Please return the full listing word for word, leaving out any pictures.

EXERCISE DATA section start

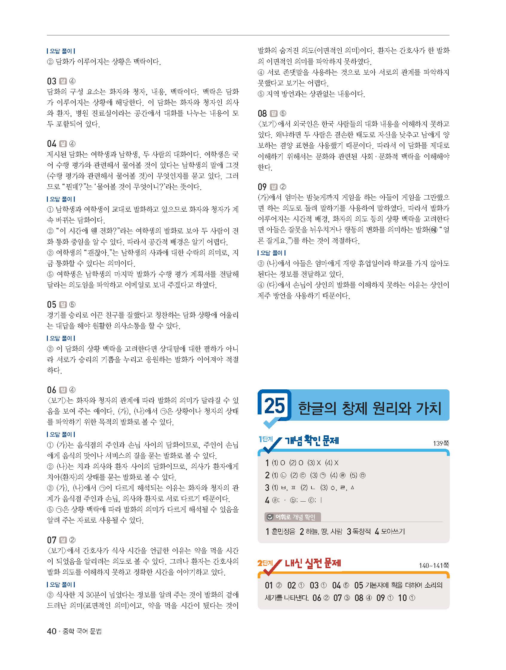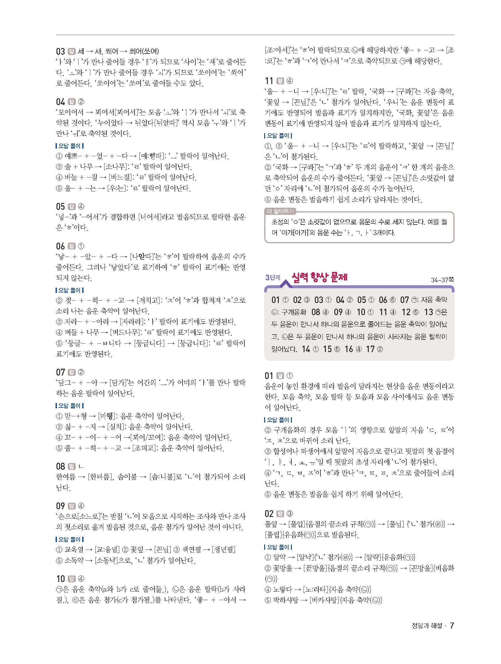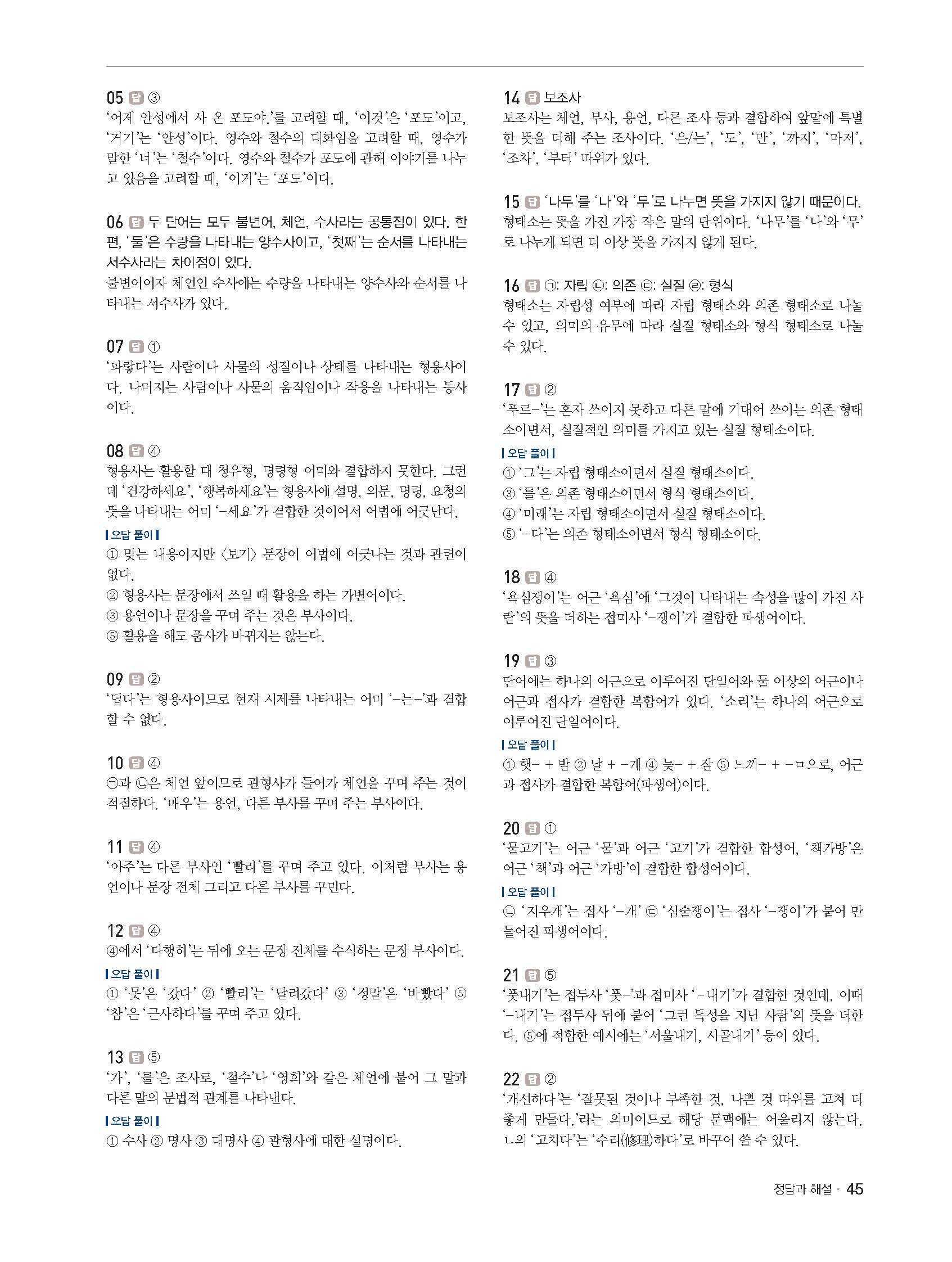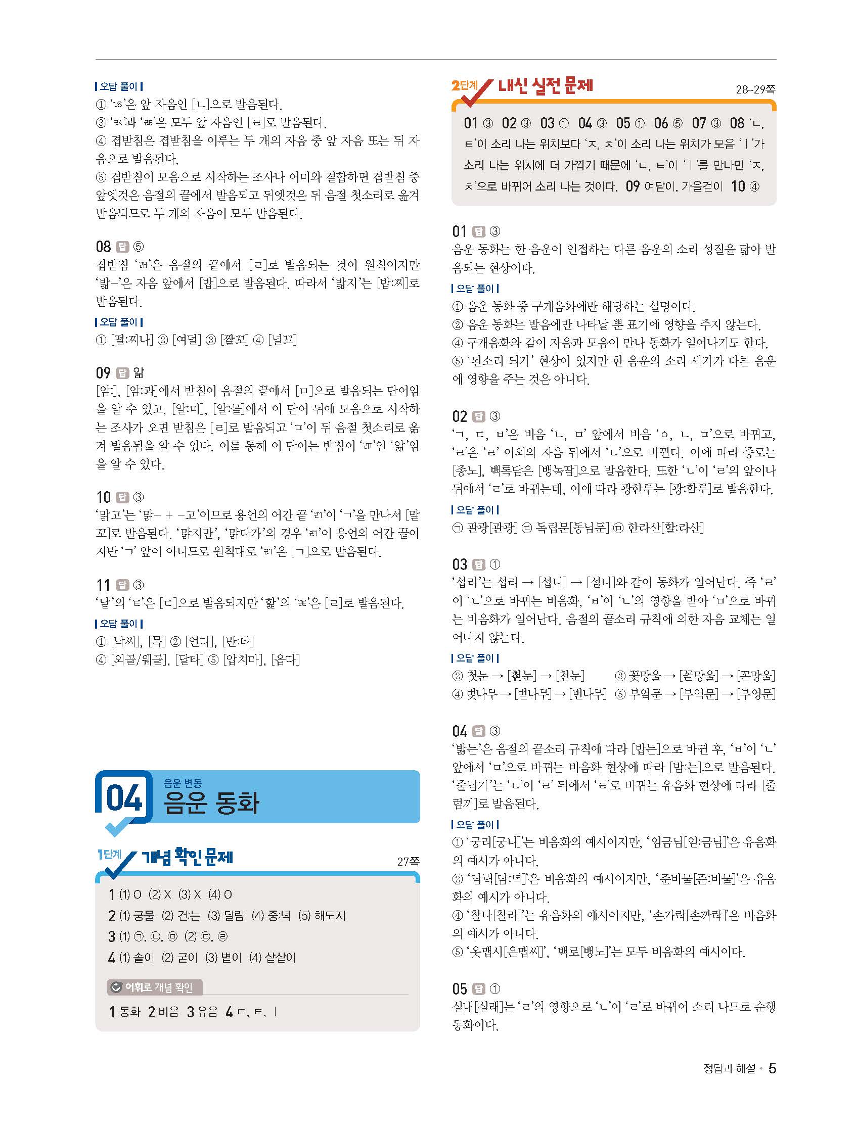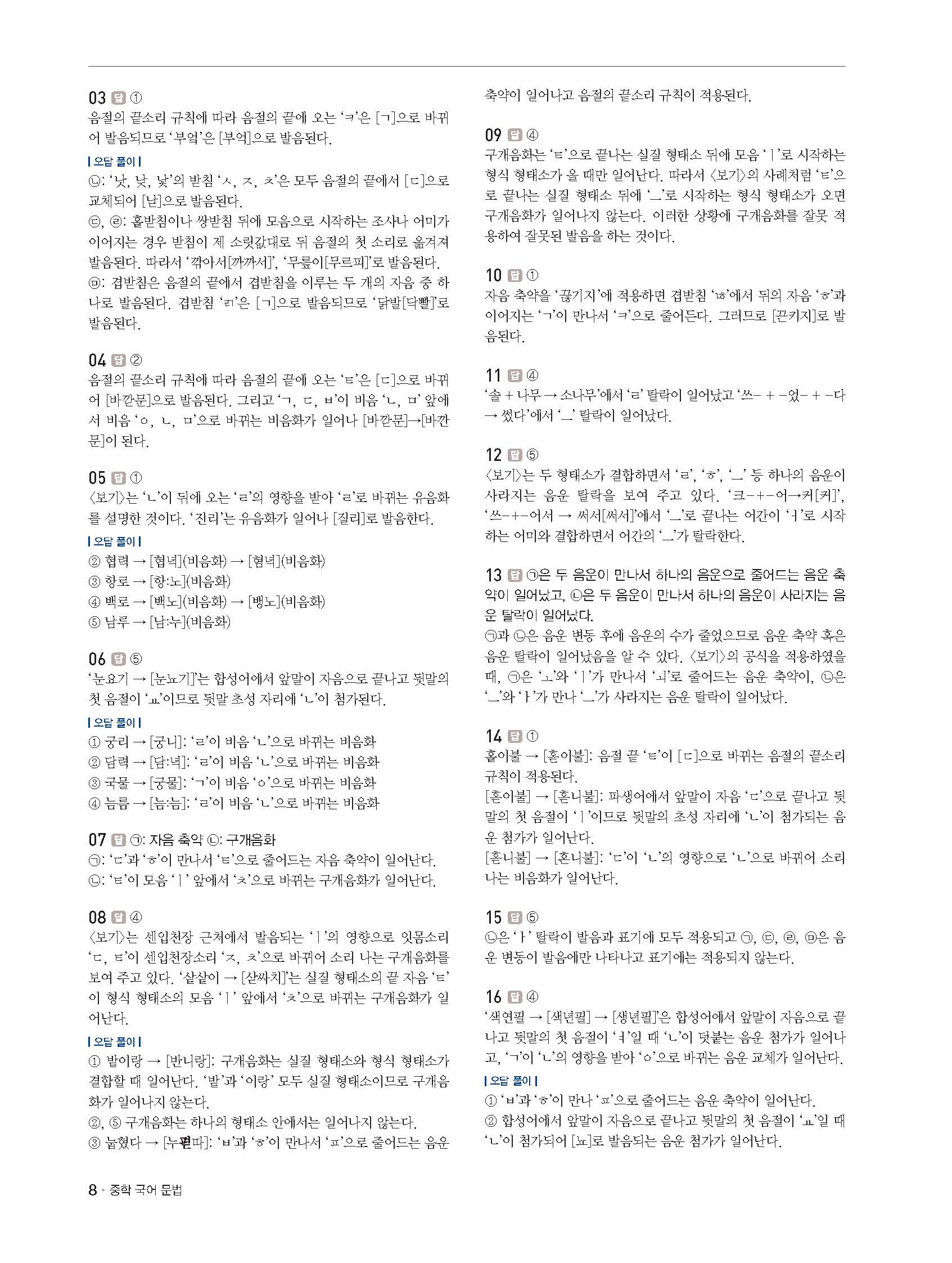 빠작 중등국어 문법 답지 해설지 사진답지 빠른답지 모바일최적화
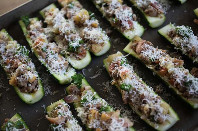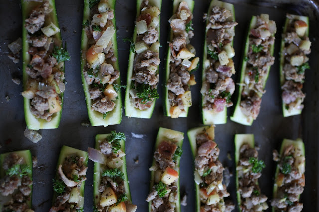 Foodie Friday | Zucchini Stuffed with Italian Turkey Sausage, Bacon, Fennel + Apple
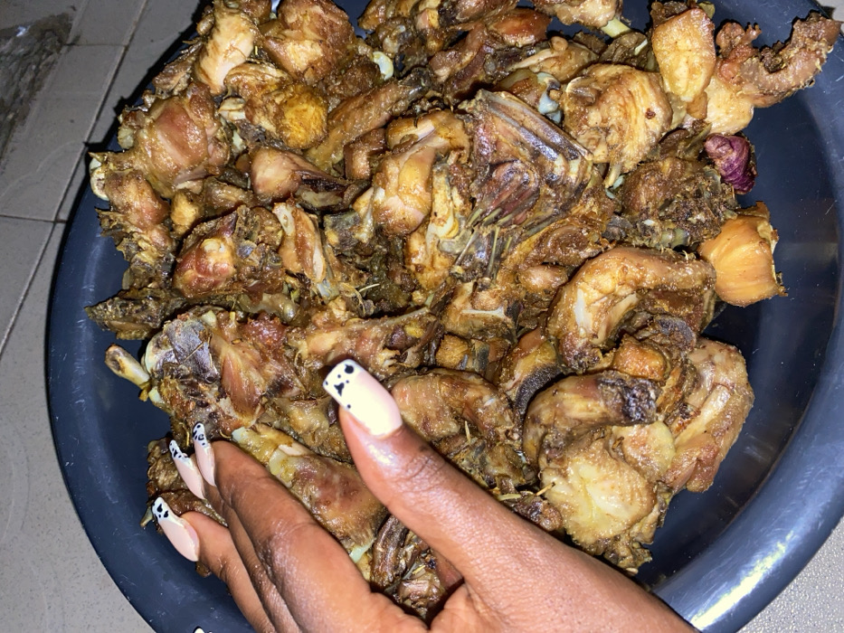 A top-down shot shows a large bowl filled with cooked chicken pieces. The chicken appears golden brown and crispy, with visible bones and some herbs mixed in. A dark-skinned hand with painted nails rests on the chicken, partially obscuring some pieces. The bowl is a dark, likely black or gray, color. The background is a blur, possibly a tiled surface.
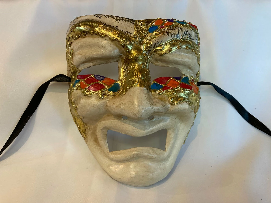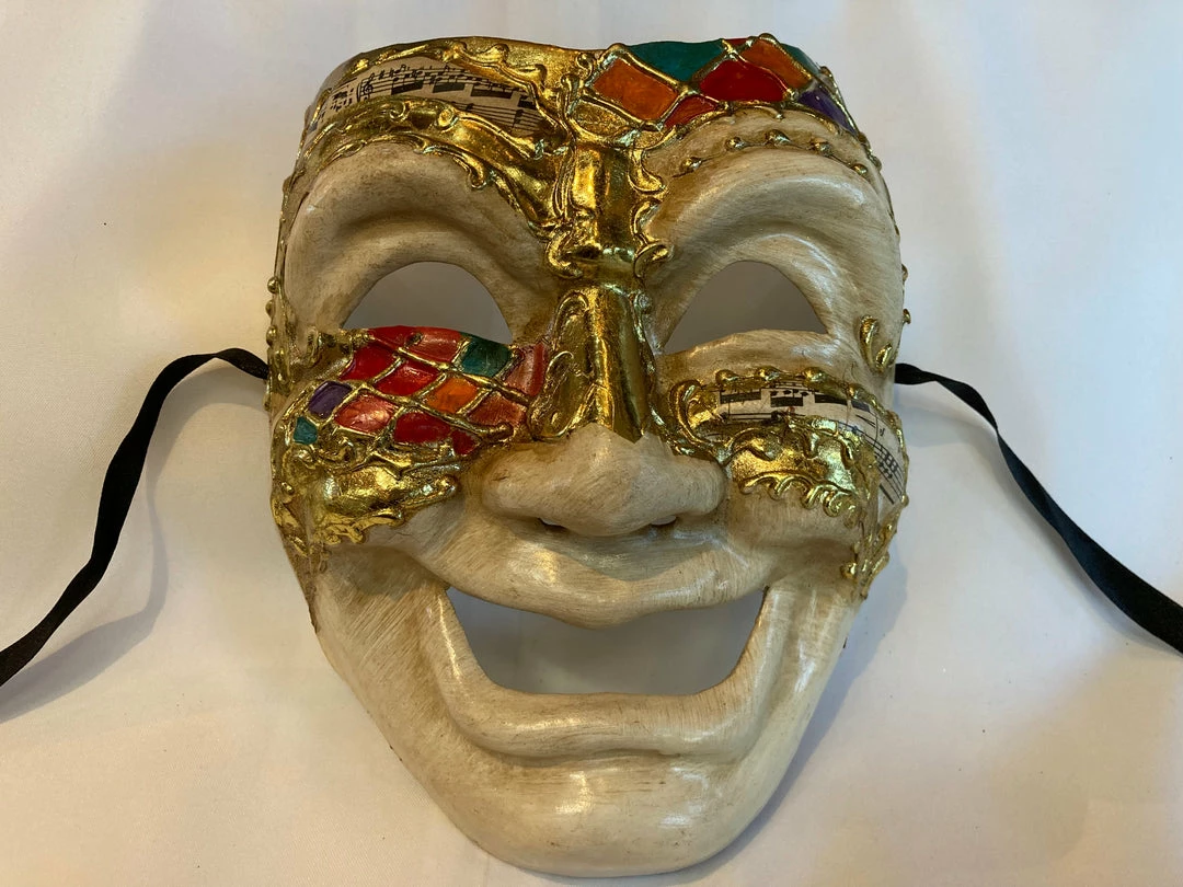The masculine paper mache’ Comedy or Tragedy Face Mask is a classical theme for Venetian plays.  The theatrically style mask features musical notes and bright colorful stained glass looking accents.  Slight imperfections may be present as normal with paper mache’ products. Perfect for Masquerade parties or as a decoration.

EXERCISE DATA section end

→ **RESULT**:
 빠작 중등국어 문법 답지 해설지 사진답지 빠른답지 모바일최적화
 Foodie Friday | Zucchini Stuffed with Italian Turkey Sausage, Bacon, Fennel + Apple
 A top-down shot shows a large bowl filled with cooked chicken pieces. The chicken appears golden brown and crispy, with visible bones and some herbs mixed in. A dark-skinned hand with painted nails rests on the chicken, partially obscuring some pieces. The bowl is a dark, likely black or gray, color. The background is a blur, possibly a tiled surface.
The masculine paper mache’ Comedy or Tragedy Face Mask is a classical theme for Venetian plays.  The theatrically style mask features musical notes and bright colorful stained glass looking accents.  Slight imperfections may be present as normal with paper mache’ products. Perfect for Masquerade parties or as a decoration.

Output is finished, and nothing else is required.